The national political situation was detrimental to anti-mining organising. Following the FSLN return to power in 2006, Ortega's political manoeuvring built corporatist tendencies, organising capital and the poor through the state. In 2000 Ortega and then President Arnoldo Alemán made a power-sharing pact which brought the FSLN away from oppositional and contentious politics and towards the centre.Footnote 106 FSLN party dynamics created linkages for business influence, described above, while maintaining a clientelist base.

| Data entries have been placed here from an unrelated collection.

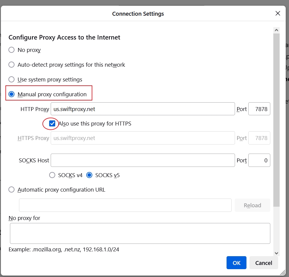 In "Connection Settings", select "Manual proxy configuration", then fill in the HTTP or SOCKS Username, Password, Hostname, and Port by Swiftproxy, and check "Also use this proxy for HTTPS" or check "Also use this proxy for SOCKS".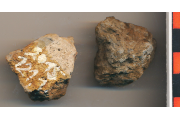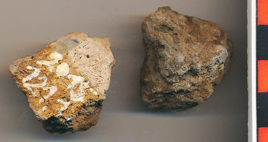 Szabálytalan alakú, morzsolódó, szürkére, illetve téglaszínűre égett, homokos anyagú paticsdarabok.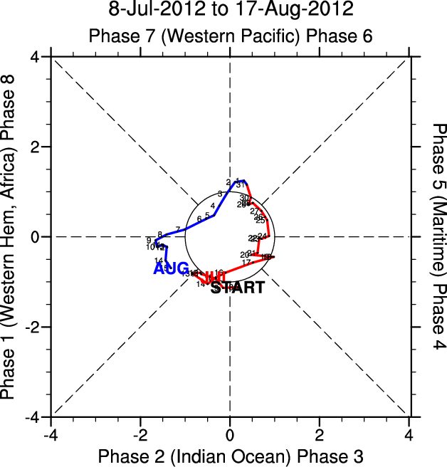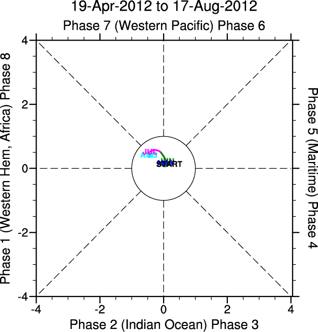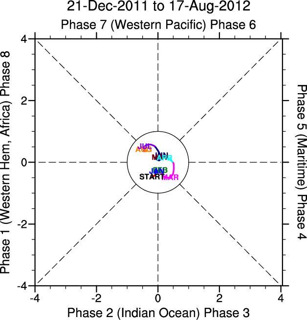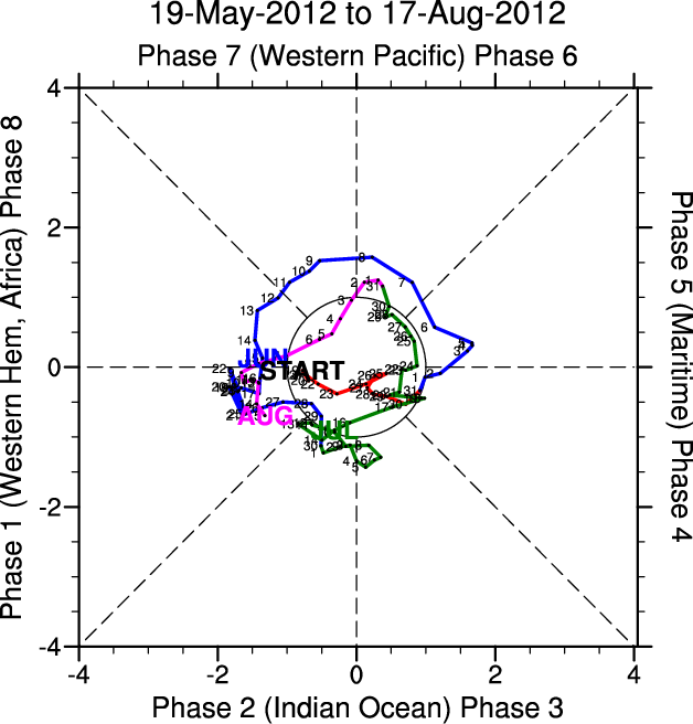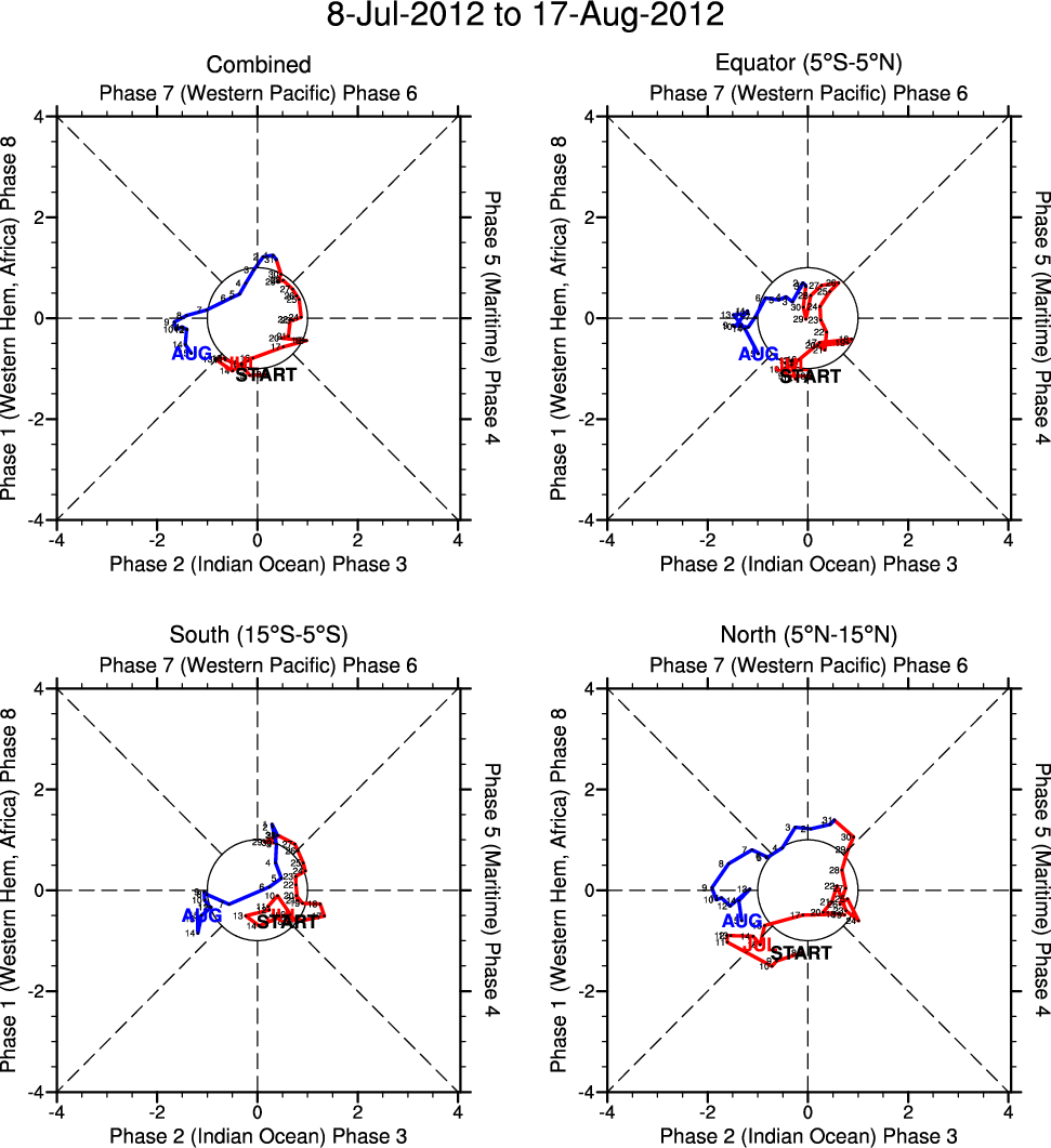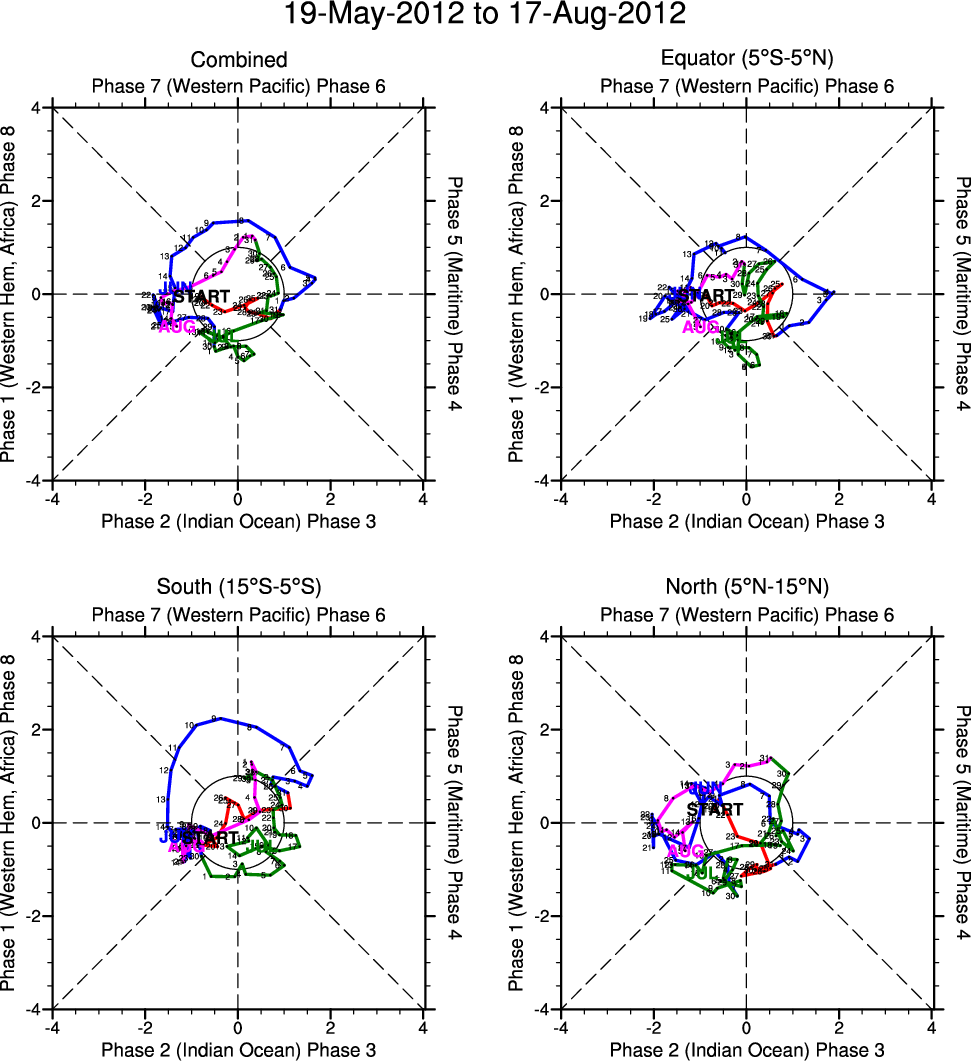 Wheeler and Hendon (2004) constructed the RMM index for monitoring the MJO. This index consists of the first two principal components (PCs) of OLR, 850-hPa zonal wind, and 200-hPa zonal wind averaged 15S-15N.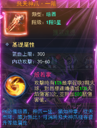 每一個飛天神爪內部地結構都非常複雜,由大量的齒輪和彈策組成,看上去和袖箭有些棗紙相似,但要比袖箭更大一些,也更加厚實,內側有絨布襯底,效用無窮。遊戲中飛天伸爪能彈射出秘制火彈,無視防禦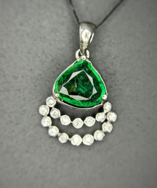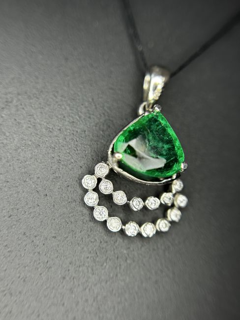 Beautiful 1.37ct Natural Emerald Pendant in Platinum 950 With Natural Diamonds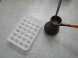Заварить кофе в джезве. Остудить и разлить в формочку для льда.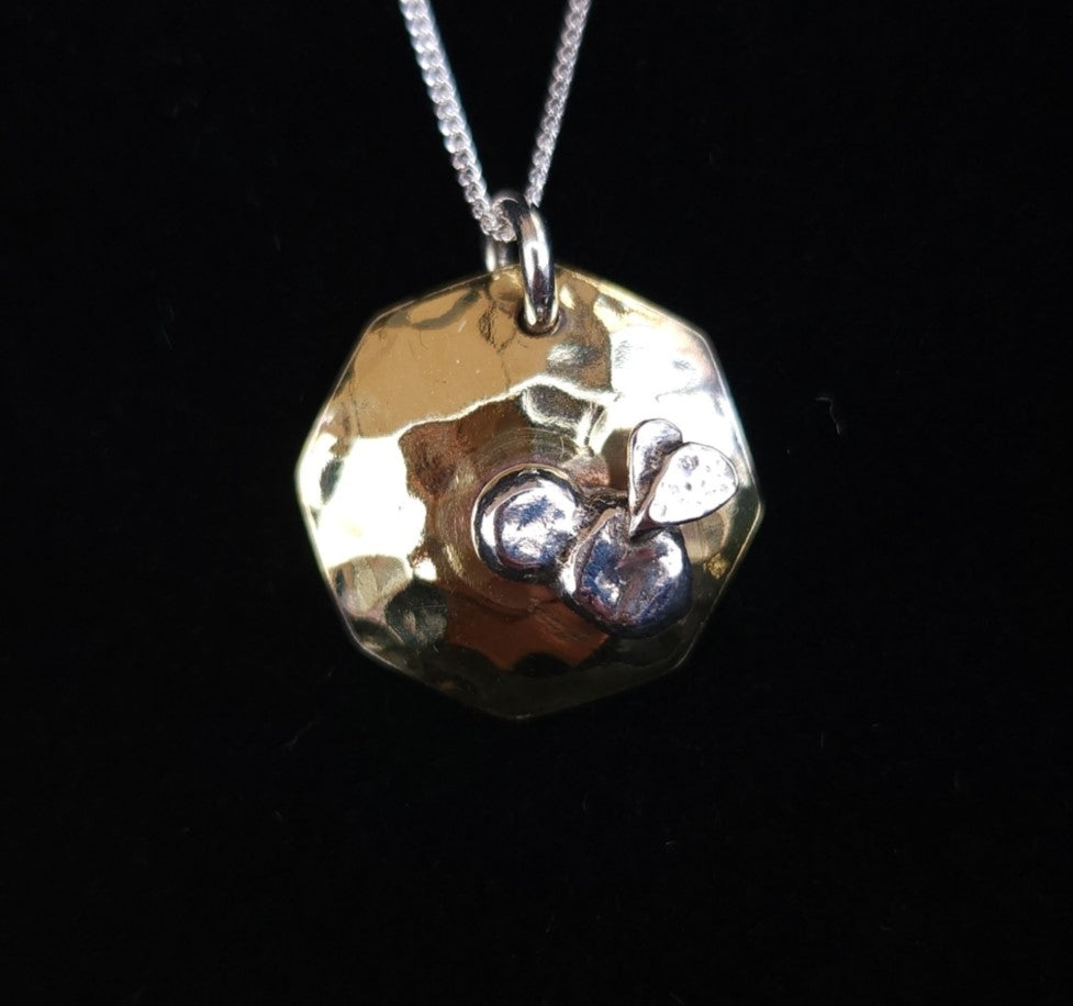 Recycled 925 Stirling silver Bumblebee, on a hand hammered hexagon of brass. Finished to a high polish on a Stirling silver chain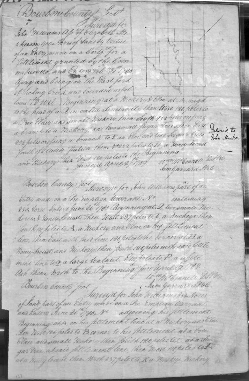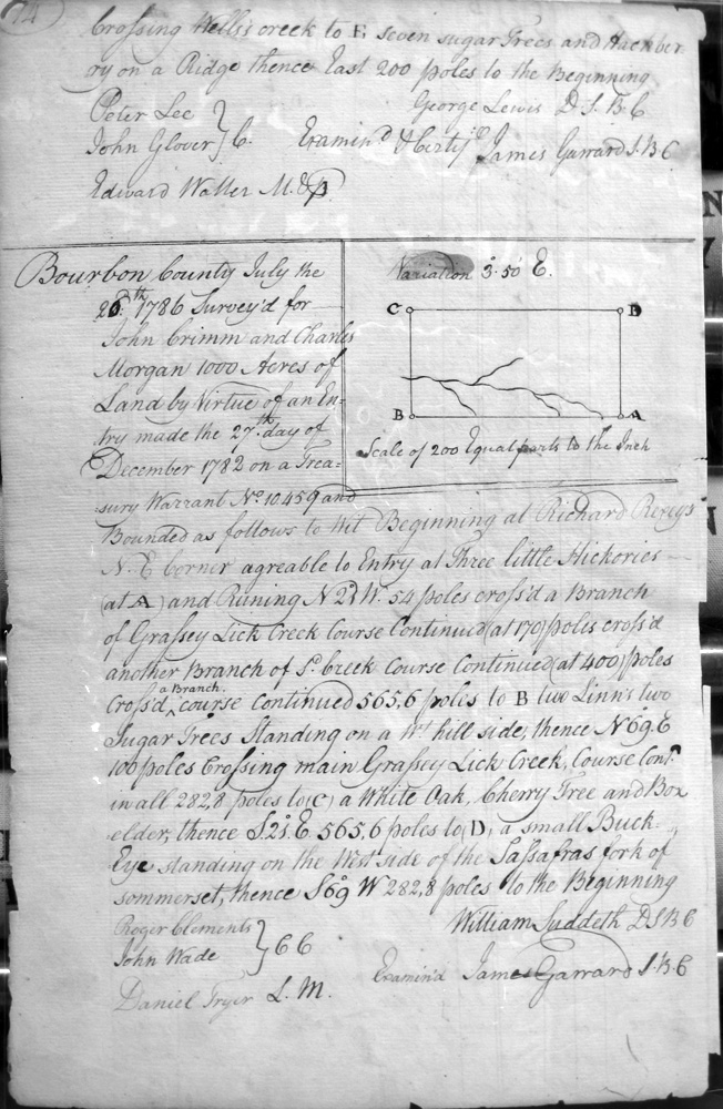 On the Main branch of Licking adjoining the lower side of the 3,150 acre survey of Richard Young, Assignee of Jonathan Wilson that lies on the South side of the creek, cornering on Richard Young's two surveys of 3,150 each, and crossing the creek three times.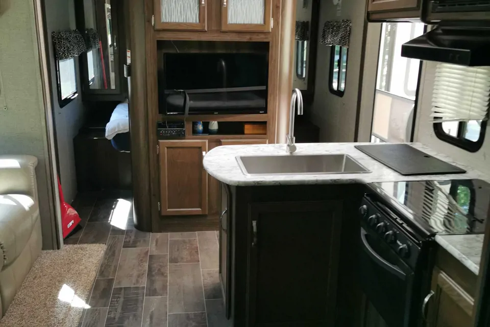 The trailer is outfitted with a TV , all your cutlery and plateware for your stay, an inside/outside radio.

First, there was a rise of the FSLN business class.Footnote 107 Second, fracturing, splintering and purging within the FSLN kept Ortega in control of the party apparatus.Footnote 108 Third, the FSLN's social-movement base was distanced through years of mediation − rather than galvanisation and support − in contentious popular politics.Footnote 109 Fourth, the FSLN ‘recruits its members en masse via the state and expels the dissidents’, while keeping clientelist relations through the consejos del poder ciudadano (councils of citizen power) that deliver benefits from social programmes.Footnote 110

Organising elites and the poor through the state, while alienating more radical and contentious elements of the Left, transformed the FSLN from a revolutionary party into a partisan linkage for business. The consultation process produced some policies unfavourable to COSEP − such as minimum-wage raises − but largely appeased the business class, and Ortega held business support.Footnote 111 Public−private projects like ENIMINAS reflect this logic. The FSLN's conflict mediation in response to popular pressures made the party decreasingly useful for movements that distanced themselves.Footnote 112 The FSLN offered no strategic access for the movement as the FMLN did, and pro-mining policy deepened.

Honduras

Mining contention in the region began in Honduras when the 1998 mining law spurred conflicts at the San Andrés and San Martín mines. Local conflicts scaled up through a national prohibition coalition that drew concessions from the Zelaya administration. However, elites promoting mining before and after the 2009 coup reversed gains, culminating in a new, pro-mining law in 2013, creating new conflicts.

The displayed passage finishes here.